** Your assignment **
Set the data down again, exactly as it reads, but without the pictures.
___ Provided material ___
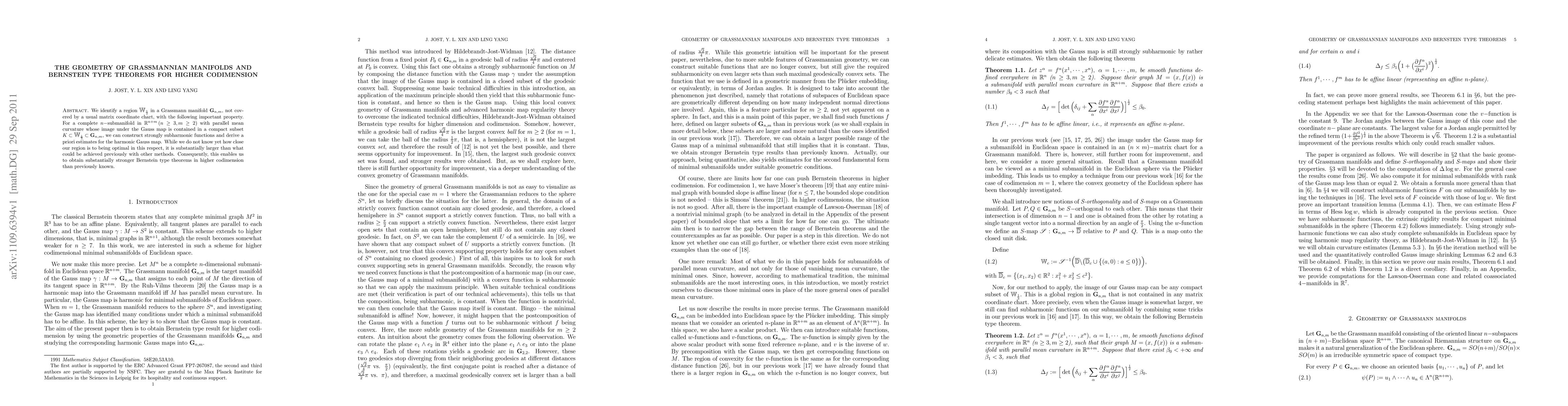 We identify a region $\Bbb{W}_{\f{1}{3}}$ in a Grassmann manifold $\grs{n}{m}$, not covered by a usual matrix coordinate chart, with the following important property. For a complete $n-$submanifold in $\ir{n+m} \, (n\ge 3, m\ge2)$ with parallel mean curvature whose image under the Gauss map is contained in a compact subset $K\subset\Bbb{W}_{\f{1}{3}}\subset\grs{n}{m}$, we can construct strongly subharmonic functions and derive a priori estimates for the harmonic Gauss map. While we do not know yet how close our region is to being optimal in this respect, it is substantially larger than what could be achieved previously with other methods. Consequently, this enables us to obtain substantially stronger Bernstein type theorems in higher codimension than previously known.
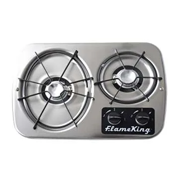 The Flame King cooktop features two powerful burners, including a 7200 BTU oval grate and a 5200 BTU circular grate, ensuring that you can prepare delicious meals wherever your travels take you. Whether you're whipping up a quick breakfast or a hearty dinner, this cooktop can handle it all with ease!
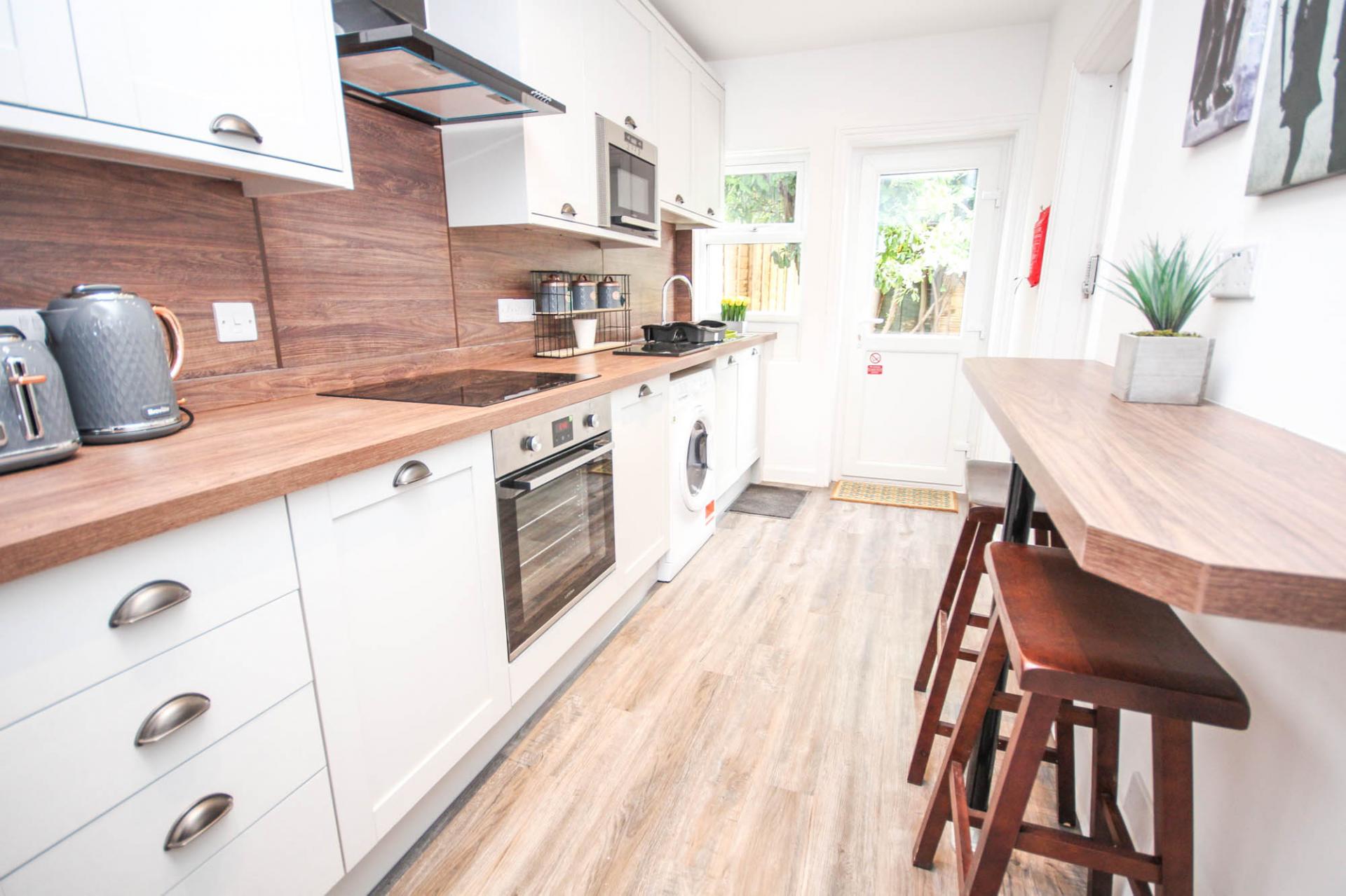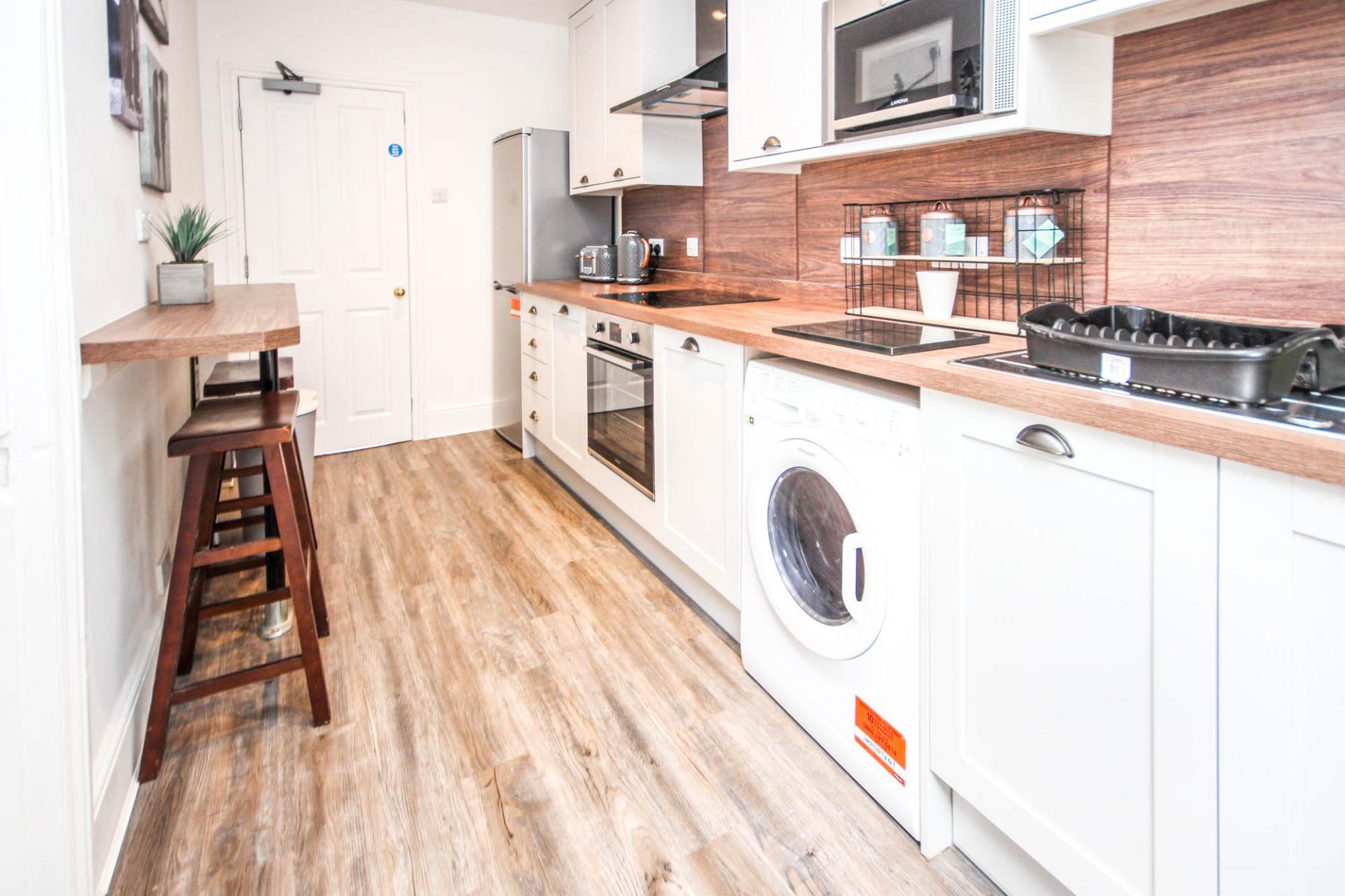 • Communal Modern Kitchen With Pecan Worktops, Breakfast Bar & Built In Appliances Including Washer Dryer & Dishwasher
___
** Exercise answer **
 We identify a region $\Bbb{W}_{\f{1}{3}}$ in a Grassmann manifold $\grs{n}{m}$, not covered by a usual matrix coordinate chart, with the following important property. For a complete $n-$submanifold in $\ir{n+m} \, (n\ge 3, m\ge2)$ with parallel mean curvature whose image under the Gauss map is contained in a compact subset $K\subset\Bbb{W}_{\f{1}{3}}\subset\grs{n}{m}$, we can construct strongly subharmonic functions and derive a priori estimates for the harmonic Gauss map. While we do not know yet how close our region is to being optimal in this respect, it is substantially larger than what could be achieved previously with other methods. Consequently, this enables us to obtain substantially stronger Bernstein type theorems in higher codimension than previously known.
 The Flame King cooktop features two powerful burners, including a 7200 BTU oval grate and a 5200 BTU circular grate, ensuring that you can prepare delicious meals wherever your travels take you. Whether you're whipping up a quick breakfast or a hearty dinner, this cooktop can handle it all with ease!
 • Communal Modern Kitchen With Pecan Worktops, Breakfast Bar & Built In Appliances Including Washer Dryer & Dishwasher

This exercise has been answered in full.